This paper mainly introduces the basic idea of tricolor labeling, floating garbage caused by multi-labeling, and the treatment scheme of missing labeling (read-write barrier).

1. A brief review of garbage collection

There are basically several garbage collection algorithms: mark-clean, mark-copy, and mark-tidy. On this basis, generations (new generation/old generation) can be added, and different recycling algorithms are adopted for each generation to improve the overall distribution and recycling efficiency. No matter which algorithm is used, tagging is always a necessary step. This is the adjustment of course, you do not find the garbage, how to recycle?

The garbage collector works as follows:

1. Mark which objects are alive and which are garbage (recyclable);
2. Recycle (clean/copy/collate) and update references if objects have been moved (copy/collate).

This article focuses on the markup section.

2. Three-color marking method

2.1 Basic Algorithm

To find the living object, according to the accessibility analysis, the traversal visit starts from GC Roots, and the reachable objects are the living objects:

Final result: A/D/E/F/G reachable

We mark the objects encountered in the process of traversing the object graph in the following three colors according to the condition of “whether they have been visited” :

• White: not yet visited.
• Black: This object has been accessed, and all other objects referenced by this object have also been accessed.
• Gray: This object has been accessed, but other objects referenced by this object have not been accessed.

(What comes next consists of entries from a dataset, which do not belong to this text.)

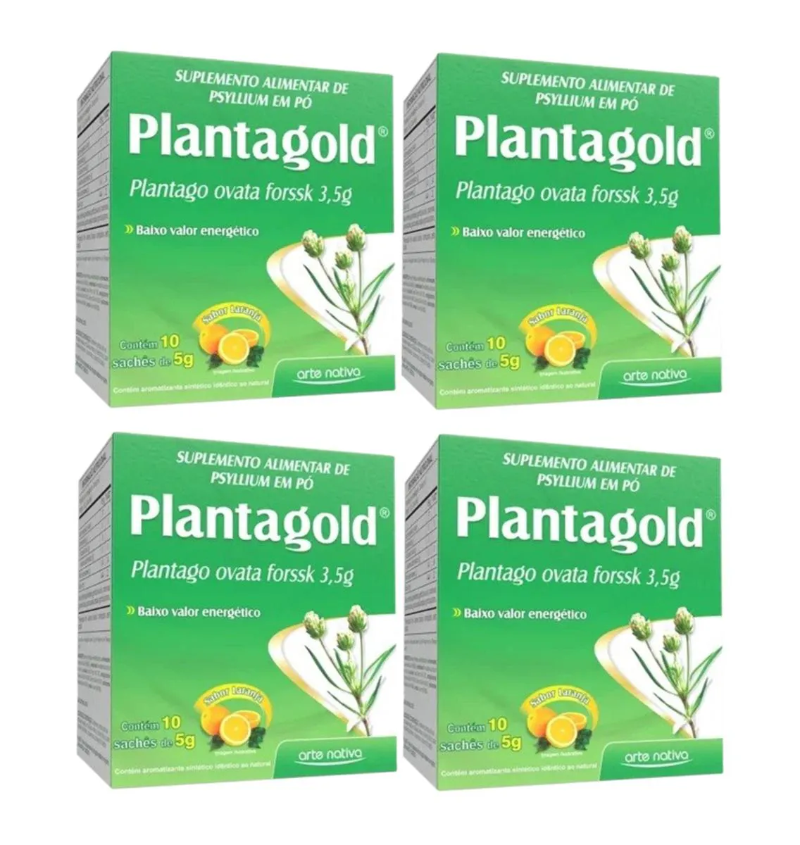 Cada sachê de Plantagold contém 3,5 de Psyllium em pó (Plantago ovata).
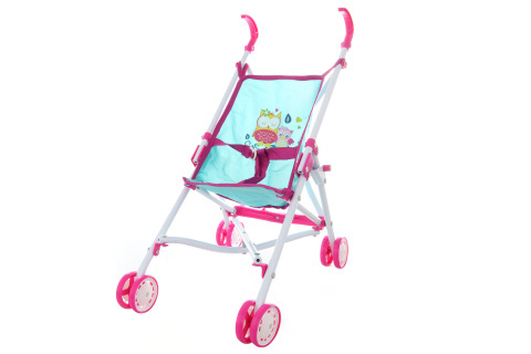 Skládací kočárek golfky se sovičkami. Kočárek má kovovou konstrukci. Rozměry kočárku cca 23 x 50 x 45 cm. Baleno v igelitovém sáčku. Rozměry balení cca 17,5 x 73 x 7 cm. Věk 3+
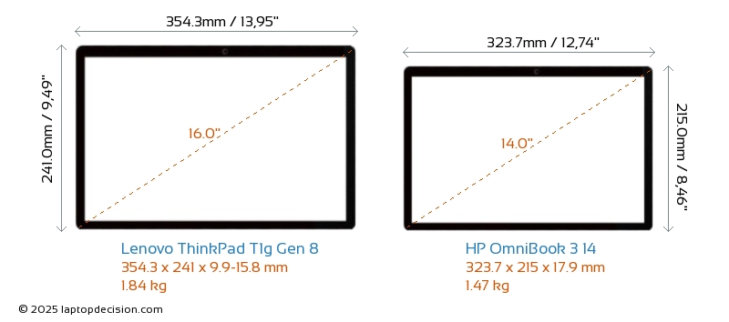HDMIBeide, ThinkPad T1g Gen 8 und OmniBook 3 14 , verfügen über einen HDMI-Port. ThinkPad T1g Gen 8 bietet 1x HDMI 2.1, während OmniBook 3 14 1x HDMI 1.4 bietet.
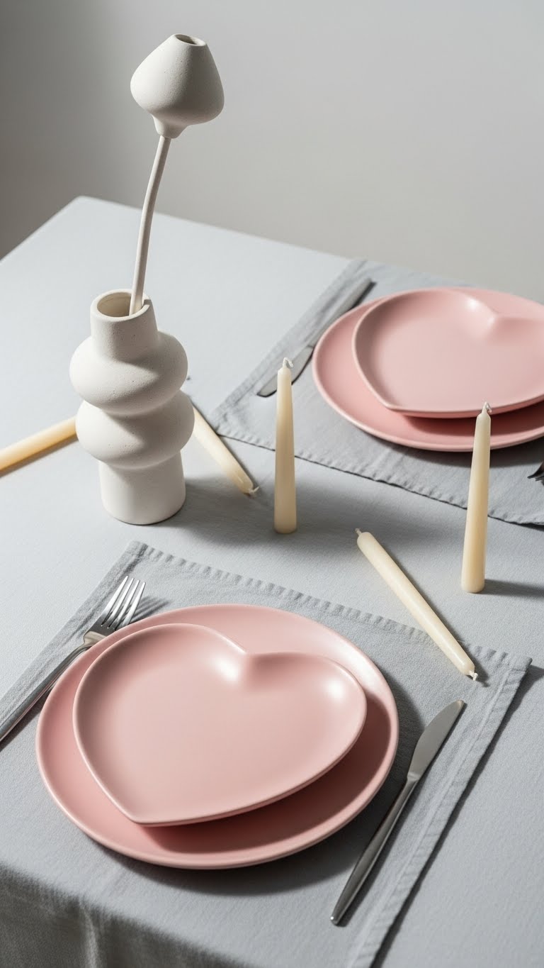 Pink & Grey Minimalist Tablescape With Heart Plates
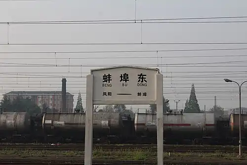 1. ^ "蚌埠东站发现历史站牌". 中华铁道网 (in Chinese). 21 February 2009. Archived from the original on 20 July 2020. Retrieved 28 September 2022.
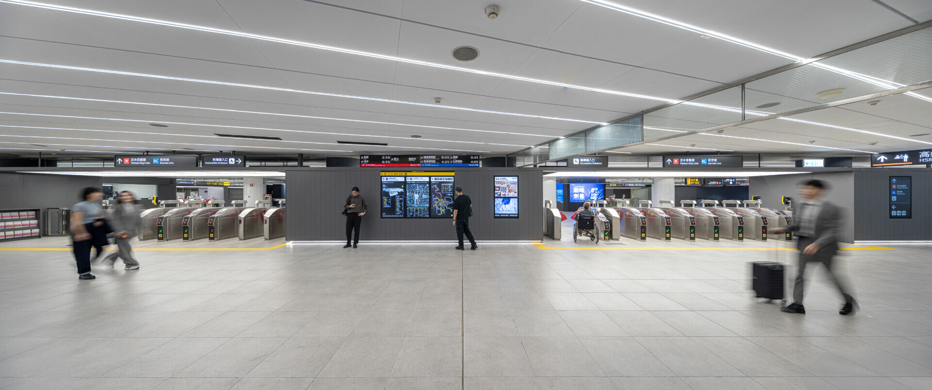西側轉乘區閘門重新調整進出配置,提升通行效率;東側走道則將閘門後移40公尺,整合周邊商業形成具整體性的商業廊帶,讓動線更順暢、體驗更完整。
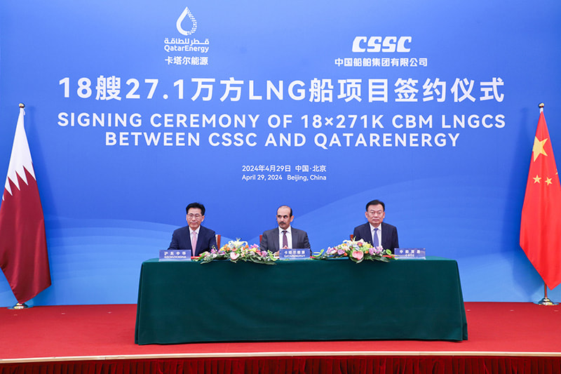 The multibillion-dollar deal for these ships was signed in Beijing by Saad Sherida Al-Kaabi, Qatar’s Minister of State for Energy Affairs, President and CEO of QatarEnergy; Chen Jianliang, Chairman of Hudong‐Zhonghua Shipbuilding; and Li Hongtao, Chairman of China Shipbuilding Trading, during a ceremony attended by senior executives from QatarEnergy, QatarEnergy LNG, and China State Shipbuilding Corporation.
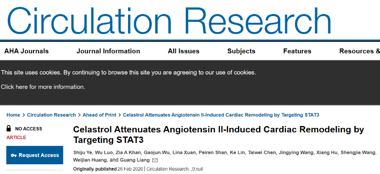 2月27日,性吧 梁广课题组在国际心血管领域权威杂志《Circulation Research》(IF=15.9)在线发表题为“Celastrol Attenuates Angiotensin II-induced Cardiac Remodeling by Targeting STAT3”的研究论文,首次揭示并深入阐明天然产物雷公藤红素防治高血压心脏病的作用、机制和靶点。梁广与温医大附属第一医院心内科黄伟剑为通讯作者,性吧 硕士研究生叶仕炬(排名第一)和博士后罗武并列第一作者。
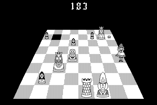 For an early Macintosh title developed in-house at Apple, Through the Looking Glass stands out with its crisp monochrome visuals and a clever use of depth perspective. The squares and pieces scale seamlessly as they recede toward the horizon, creating a pseudo-3D effect that was groundbreaking on the original 1984 hardware.

When all access is complete, it turns black.

The first step:

The second step:

Step 3:

Step 4:

Step 5:

Three-color marking traversal process

Suppose we now have white, gray, and black (representing the color of the current object), and the traversal access process is as follows:

1. Initially, all objects are in the White set;
2. Move objects directly referenced by GC Roots to the grey set.
3. Get objects from grey set: 3.1. Move all other objects referenced by this object to [Grey set]; 3.2. Move this object into the Black Collection.
4. Repeat step 3 until [grey set] is empty.
5. After the end, objects still in the [white set] are unreachable by GC Roots and can be recycled.

Note: If the object remains white after the marking ends, it is “lost” and cannot be re-referenced.

When Stop The World (hereinafter referred to as STW), references between objects do not change and can be easily marked. When you need to support concurrent tagging, where application threads continue to run during tagging, references between objects can change, and multiple markers and missing markers can occur.

2.2 Multi-label – Floating garbage

Objd. fieldE = null if E is already iterated (turned grey) :

The reference of D > E is broken

After this point, object E/F/G is “supposed” to be recycled. However, since E has turned gray, it will continue to be traversed as a living object. The end result is that this part of the object is still marked as alive, meaning that this GC does not reclaim this part of the memory.

This part of memory that should be collected but is not is called “floating garbage.” Floating garbage does not affect the correctness of the application, it just needs to wait until the next garbage collection to be removed.

In addition, it is common practice to treat all new objects after the concurrent marking starts as black, and this round will not clean them up. This part of the object may become garbage during this period, which is also part of the floating garbage.

2.3 Mark leakage – Read/write barrier

Assuming that the GC thread has traversed E, the application line executes first:

var G = objE.fieldG; objE.fieldG = null; Objd. fieldG = G; // Black D references white GCopy the code

E > G is disconnected, and D references G

At this point, we cut back to the GC thread and continue running. Since E has no reference to G, we do not place G in the grey set. Although G is rereferenced for D, because D is already black, the traversal will not be done again. The end result is that G stays in the white collection and is eventually removed as garbage. This directly affects the correctness of the application and is unacceptable.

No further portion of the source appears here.